Спорить со старостой – себе дороже. У старика от обиды затряслись губы. Я поднялся, стараясь не смотреть на него, и отправился искать подходящее стойло. Это оказалось непросто – пустых имелось сколько угодно, но все они были одинаково загромождены всяким хламом: обломками досок, тряпьем, несуразными ржавыми железками, негодной посудой, остатками мебели и повозок.
Наконец мне удалось присмотреть неплохой вариант. Стойло было несколько просторнее остальных и располагалось недалеко от входа. Если хорошенько почистить его, отскоблить от стен серые липкие наросты, то староста, пожалуй, останется доволен.
А какое, собственно, мне дело, будет ли он доволен? Я поймал себя на мысли, что слишком часто принимаю правила их игры, забывая свою принадлежность и происхождение. С этим надо кончать, а то, чего доброго, так и останусь на всю жизнь специалистом по расчистке навоза. Работать, конечно, нужно – не помирать же с голода. Но отношение к этим людям и их делам надо менять.

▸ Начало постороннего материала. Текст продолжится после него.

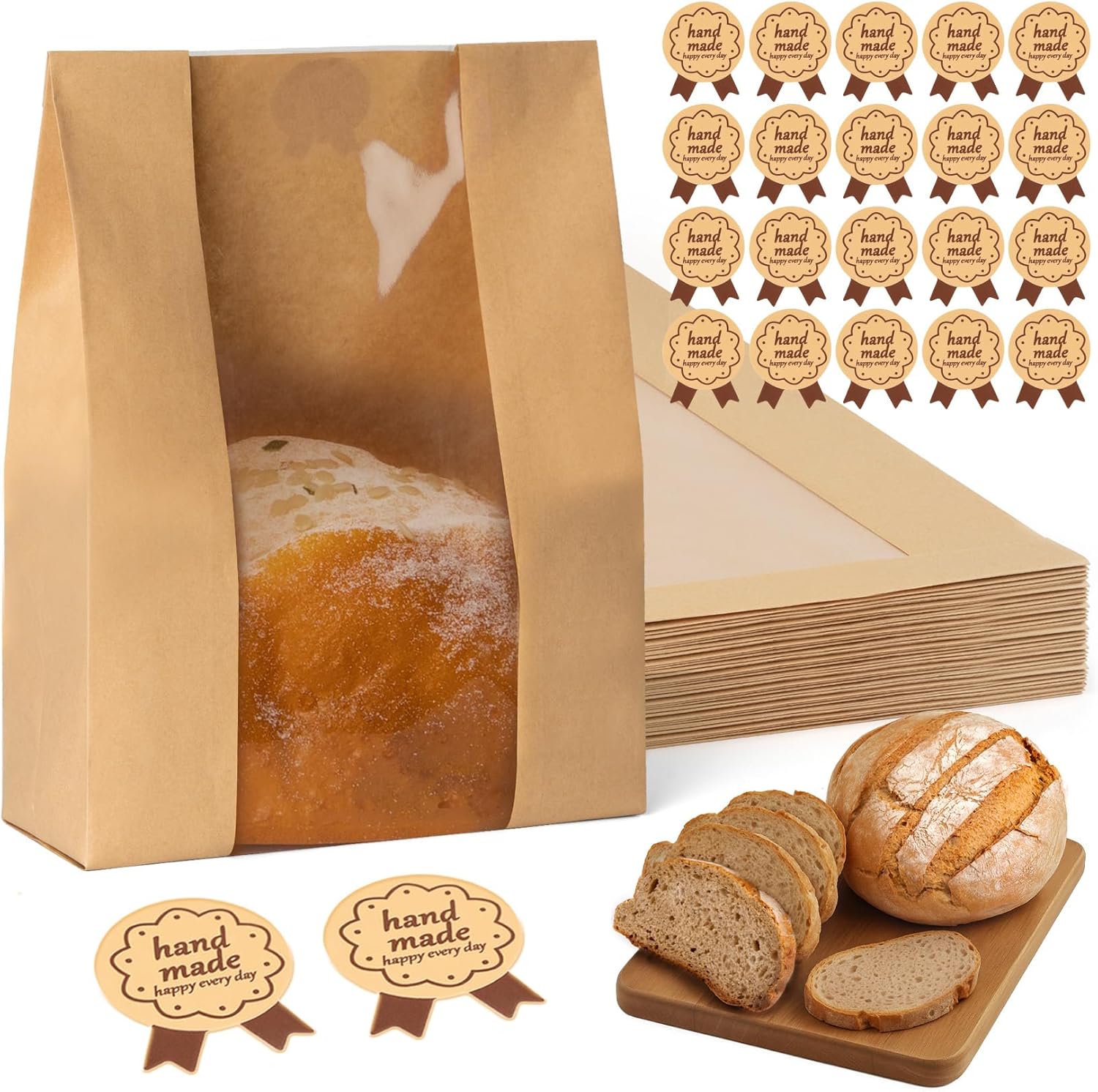 FUNFERY 30 Pcs Sourdough Bread Bags for Home Made Bread Sourdough,Large Paper Bags for Breads Gifting with Window & Cute Seal Stickers,Loaf Bags for Bakery Packaging and Storage(12.79″x8.26″x3.54″) | breathable material, cute sticker

Я собрался с духом – и приступил к разгребанию многолетних завалов. Выносить крупные обломки было не очень сложно. Хуже стало, когда пришлось заниматься грудами грязи, покрывавшей пол толстым слоем. О таком предмете, как лопата, здесь, похоже, никто никогда не слышал. Я нашел плоскую, довольно крепкую деревяшку и приспособил ее в качестве скребка. Касаться влажной перепревшей массы было противно, руки моментально почернели по самые локти. Я ползал по полу, подскребая то здесь, то там, перемещая гниль за дверь, пока больно не ткнулся обо что‑то спиной.
Я обернулся – и застыл на месте, не успев даже выругаться про себя.
Из стены торчала покрытая ржавчиной железка, напоминающая полуразобранный водопроводный смеситель или крючок для одежды оригинальной конструкции. Однако для крючка она была слишком сложной. Да и для смесителя, пожалуй, тоже.
Не то чтобы я не видел эти штуки раньше. Видел. Они были почти в каждом стойле. Кое‑где к ним привязывали лошадей по необходимости. Но ни разу мне не пришел в голову простой вопрос – зачем здесь эти детали? С какой целью их вмонтировали в стену? Привязывать лошадей? Для этого можно было обойтись простой скобой. Зачем эти выступы, пересечения, выточки?